Sunday, January 07, 2007

Stop Complaining

Like most folks, I do my fair share of complaining. (Maybe even more than my fair share.) In my professional life I've been doing a lot of complaining lately about the slow pace of change, about how hard it is to get schools and teachers and students to change. About how much work and time it takes to do all these things and there doesn't seem to be a lot of indication of progress.

Intellectually I understand that I really don't have too much to complain about. That in the grand scheme of things we have it awfully good here, that our education system is still a noble experiment in educating all students, that our standard of living is one that the majority of people in the world can only dream of, that we really don't have that much to complain about. But even though I understand that intellectually, that still doesn't change my emotions, the frustration and anxiety I feel on a daily basis.

But that's the great thing about the read/write web. There are now so many stories available to us to help put things in perspective. Thanks to Jim Gates, here's just one story that should help us stop complaining. View the video below first, then read the story from Sports Illustrated, then visit the Team Hoyt website.

Then come back here, reminded of the power of the human spirit and of what folks who are motivated can accomplish. And then stop complaining about how hard all this is and roll up your sleeves, we have work to do. Because we CAN - and WILL - change the world.


  1. Karl,
    This is the year for no more CAN'Ts and no more WON'Ts.
    Here is my blog about it from
    I love the post from Liz O'Neill, I knew I made the right blog! You always inspire me by what you publish, so keep publishing.
    Over and Out!

  2. I have used this story and video with our football team as well as in the classroom. It is an outstanding story of courage, love, and determination. I know I do my fair share of complaining, but this story always bring me back to reality. I actually plan on using this on my first day of class tomorrow when talking about the "change the world" theme. I don't think that I will teach much Biology tomorrow but simply talk with my students about this theme. I didn't do enough of that first semester and want to build a better foundation this semester. I have another version of the Hoyt story that I used in football if anyone is interested.

  3. Thanks, Karl--for making me cry. I've been teaching for 32 years. I can't wait to start a new semester. I've been thinking constructively all vacation. I'm so excited.

  4. Karl,
    Thank you! What a way to start the new year. You would have no way of knowing but I started my career as a special education teacher for children with severe/profound multiple disabilities. It was some of the most rewarding days of my life. I've seen that sparkle in a child's eye to know that they're there and with you. The video brought back so many memories for me. As you said, we have nothing to complain about. We are blessed.

    When you think that the "change" isn't happening fast enough, just think about the time and effort for this family over the years to have a meal, get to the store or even take a family vacation. It took them physical strength, lots of planning to make sure that places were accessible, schlepping a wheelchair took time.....lots of time. But when there was a smile from their son or that twinkle in his eye that silently said, "thank you", it made it all worth it.

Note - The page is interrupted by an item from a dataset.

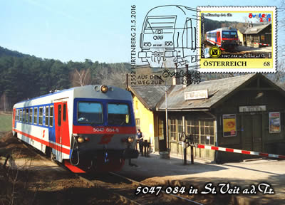 Marken- und Kartenmotiv: Triebwagen 5047 084 in St. Veit a.d.Tr. (fotografiert von Karl Wildberger) Rückseite: Logo ÖVEBRIA 2017

    As you make changes and get just one teacher to change how they instruct- think of that as your 'thank you' for the work you do in trying to make changes in your district. And remember, some people may never say it with words.....sometimes the thank you is silent.

  5. I would like to say that I really enjoyed the video. I am in Ms. Smith's English Honors 9 class, and she showed it to us. It was very powerful, and really hit home for me.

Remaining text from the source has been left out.